Ambassador of India to France
- In office February 1969 - 1976
- Preceded by: Chandra Shekhar
- Succeeded by: Ramchandra Dattatraya Sathe

Deputy High Commissioner of India to the United Kingdom

Acting High Commissioner of India to the United Kingdom
- In office 1967–1969
- Succeeded by: P. N. Kaul

High Commissioner of India to Australia
- In office 1965 - 1968

Ambassador of India to the Democratic Republic of the Congo
- In office 1962 - 1964

Personal details
- Born: 2 November 1914
- Allegiance: British Indian Army
- Rank: Major

= Dwarka Nath Chatterjee =

Dwarka Nath Chatterjee (born 2 November 1914) was an Indian diplomat.

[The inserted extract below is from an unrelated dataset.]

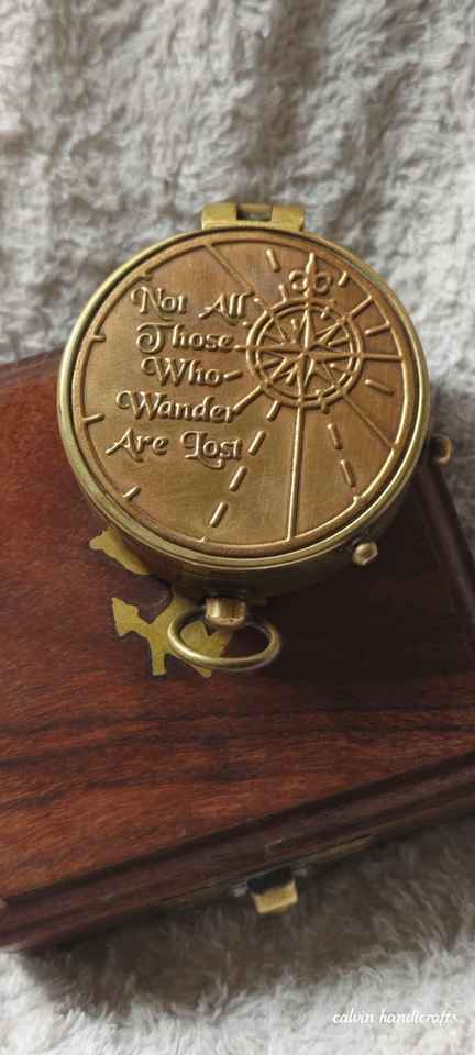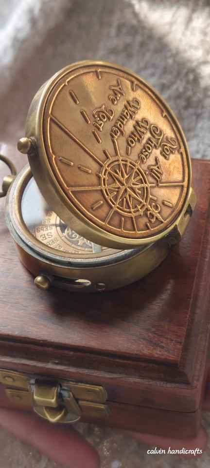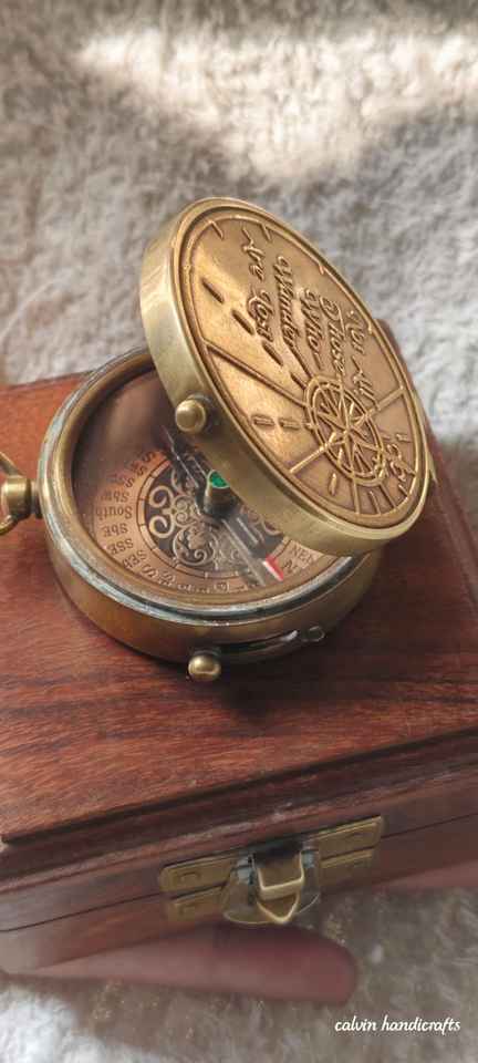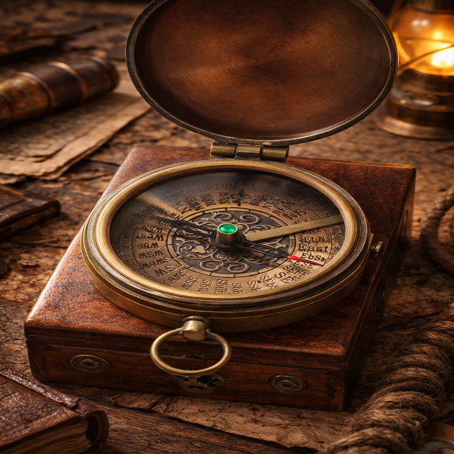 กล่องไม้เก็บเข็มทิศทะเลแบบโบราณ ลายโลหะขัดเงา ทรงกลม ลายนูน | ของตกแต่งโต๊ะทำงาน Explorer Gift Calvin Handicraft

== Early life and education ==
Chatterjee was born on 2 November 1914.

Chatterjee was educated at Calcutta University, and later went on to attend King's College, London, London School of Economics and School of Oriental Studies.

== Career ==
Chatterjee joined the military in 1940 and served until 1948, attaining the rank of Major. In 1948, he joined the Indian Foreign Service.

Between 1962 and 1964, he was the Indian Ambassador to the Congo. Between 1969 and 1969, he was the deputy high commissioner to the UK.

In 1969 he was appointed the ambassador to France and served till 1976.